When air pollution, human health and climate change externalities are factored in, the payback is even higher with every dollar spent on the energy transition adding benefits valued at between US$2-5.5, in cumulative terms between US$61-164 trillion by the mid-century.
IRENA’s Outlook sees energy transition as a significant business opportunity for multiple stakeholders, including the private sector, shifting funding from equity to private debt capital. The latter will grow from 44 per cent in 2019 to 57 per cent in 2050, an increase of almost 20 per cent over planned policies.
Energy transition technologies will find it easier to obtain affordable long-term debt financing in the coming years. At the same time, fossil fuel assets will increasingly be avoided by private financiers and therefore forced to rely on equity financing from retained earnings and new equity issues.
But public financing will remain crucial for a swift, just and inclusive energy transition and catalyse private finance. In 2019, the public sector provided US$450 billion through public equity and lending by development finance institutions.
In IRENA’s 1.5°C scenarios, these investments will almost double to US$780 billion. Public debt financing will be an essential facilitator for other lenders, especially in developing markets.

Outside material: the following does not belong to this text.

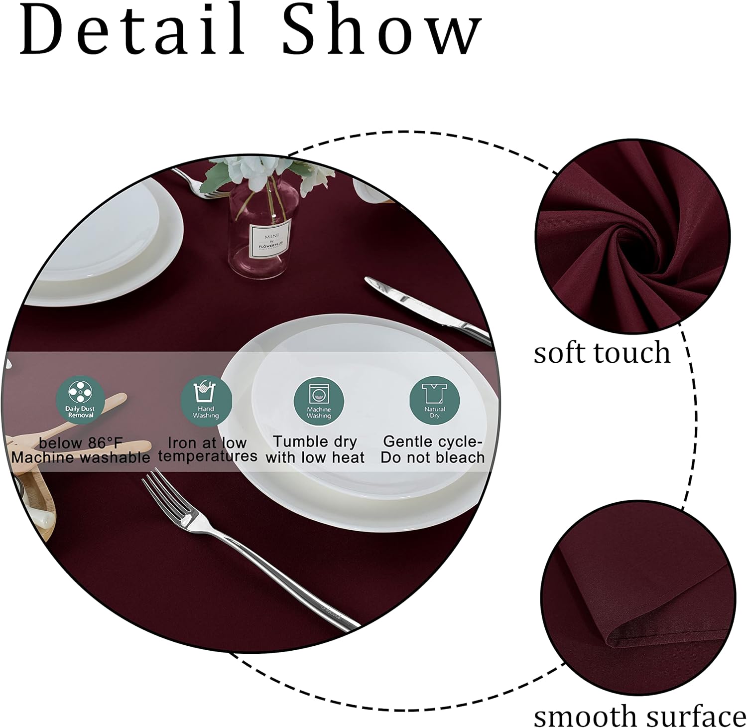 - HIGH QUALITY MATERIAL: Our tablecloth are crafted from high quality durable polyester fabric, perfect to protect and decorate your tables. The package will include 1 piece tablecloth measuring 54 W by 54 L inch Burgundy tablecloth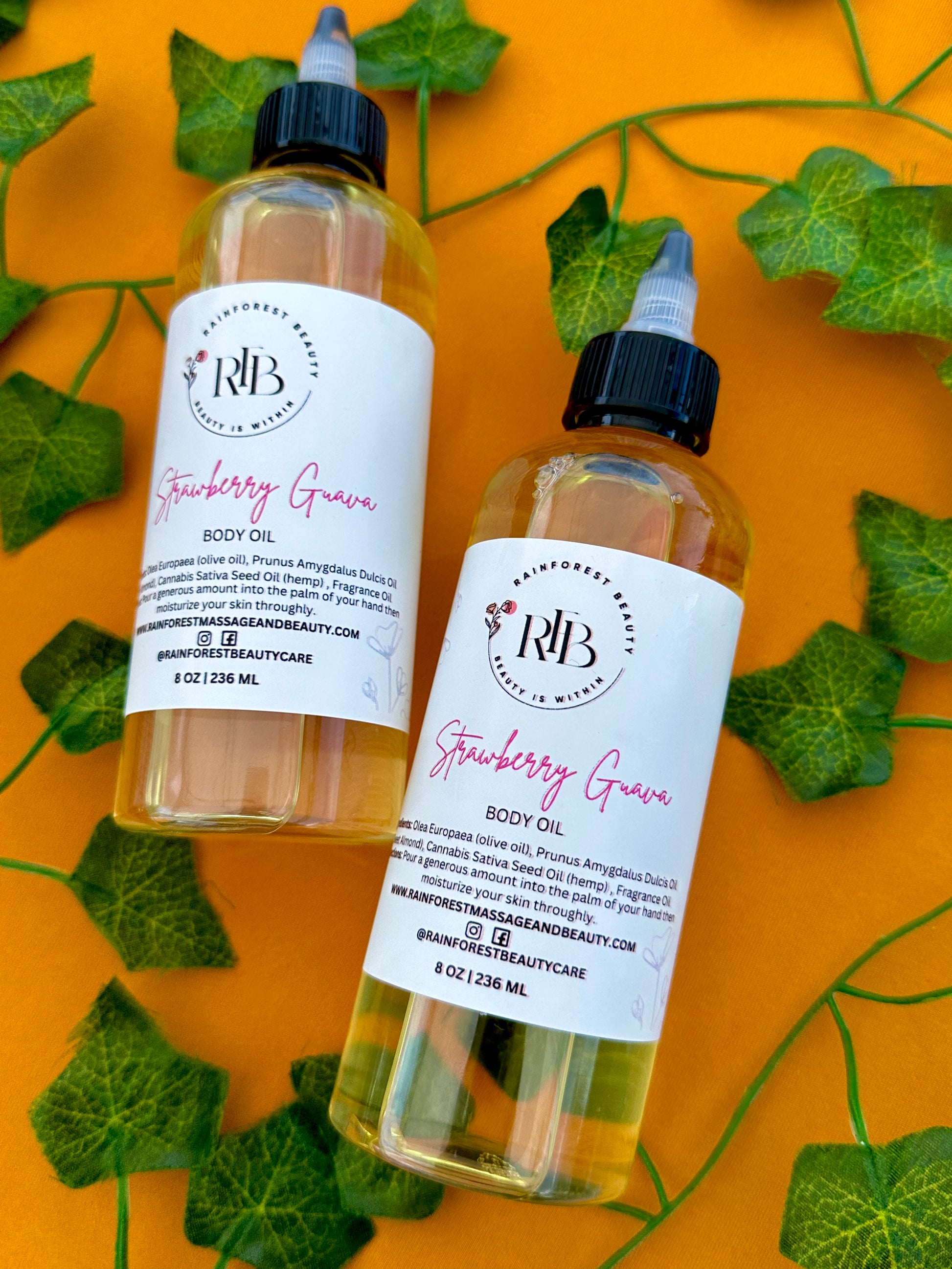Usage Instructions: For optimal results, apply Strawberry Guava Body Oil to your skin and allow it to absorb for 5-10 minutes before putting on your clothes. This allows the oils to penetrate deeply, providing lasting hydration and letting the vibrant tropical scent fully develop on your skin.

As markets alone are not likely to move rapidly enough, policymakers must incentivise and eliminate market distortions that favour fossil fuels and facilitate the necessary changes in funding structures.
This will involve phasing out fossil fuel subsidies and changing fiscal systems to reflect the negative environmental, health and social costs of fossil fuels. Monetary and fiscal policies, including carbon pricing policies, will enhance competitiveness and level the playing field.
Enhanced international cooperation and a comprehensive set of policies will be critical to driving the broader structural shift towards resilient economies and societies. If not well managed, the energy transition risks inequitable outcomes, dual-track development and an overall slowdown in progress.
Just and integrated policies will remain imperative to realise the full potential of the energy transition.
Today’s policies, finance and socio-economic analysis complete the outlined technological avenues for a 1.5°C-compatible energy pathway, providing policymakers with a playbook to achieve optimal results from the transition.
Launched by energy leaders at the Agency’s Global High-Level Forum on Energy Transition, this Outlooks aims to raise ambition towards UN High-Level Dialogue on Energy and Climate Conference COP26 later this year.